La educación fue una de sus grandes pasiones. Se podría decir que fue uno de los primeros obispos que propuso un «Pacto de Estado» educativo. De su época como presidente de la CEE tenemos el documento titulado «Moral y sociedad democrática», de 14 de febrero de 1996. Allí los obispos, en continuidad con «La verdad os hará libres», abordaron cuestiones de calado como la libertad y su relación con la verdad, las implicaciones entre ética y ley civil, revelación y moralidad pública, y una interesante reflexión sobre moral y democracia. También de esa época es la celebración del Congreso de Pastoral Evangelizadora, en Madrid, del 11 al 14 de septiembre de 1997 con el título «Jesucristo, la Buena noticia».

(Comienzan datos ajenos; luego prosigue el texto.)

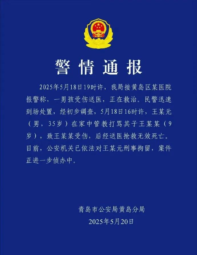 就在小朱去世前一天,青岛另一个9岁小孩被父亲家暴致受伤,后抢救无效死亡。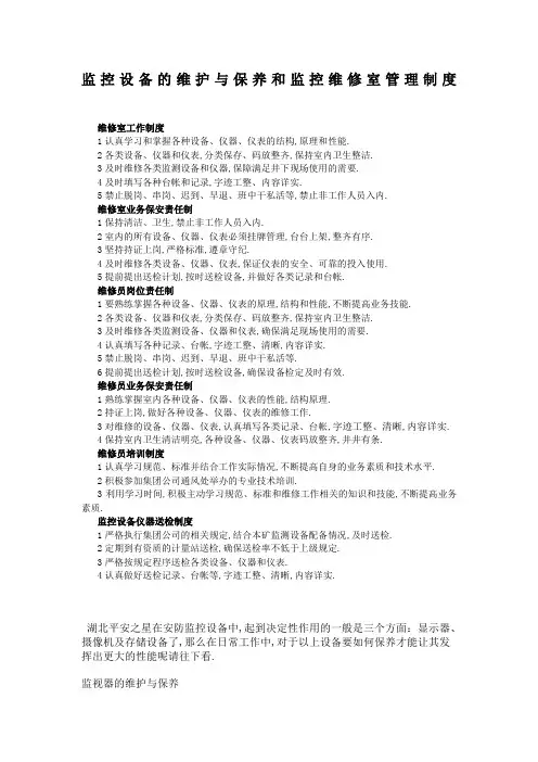 2、设备维护中的一些注意事项在对监控系统设备进行维护过程中,应对一些情况加以防范,尽可能使设备的运行正常,主要需做好防潮、防尘、防腐、防雷、防干扰的工作。

En los últimos tiempos, don Elías vio con satisfacción el nombramiento del que fuera su obispo auxiliar, monseñor Juan José Omella, como arzobispo de Barcelona y cardenal de la Iglesia. Dedicado también a acompañar a personas con heridas por su experiencia de Iglesia, vivió muy profundamente los cambios recientes en la titularidad de la archidiócesis de Zaragoza, de la que era arzobispo emérito y fiel devoto de la Virgen del Pilar.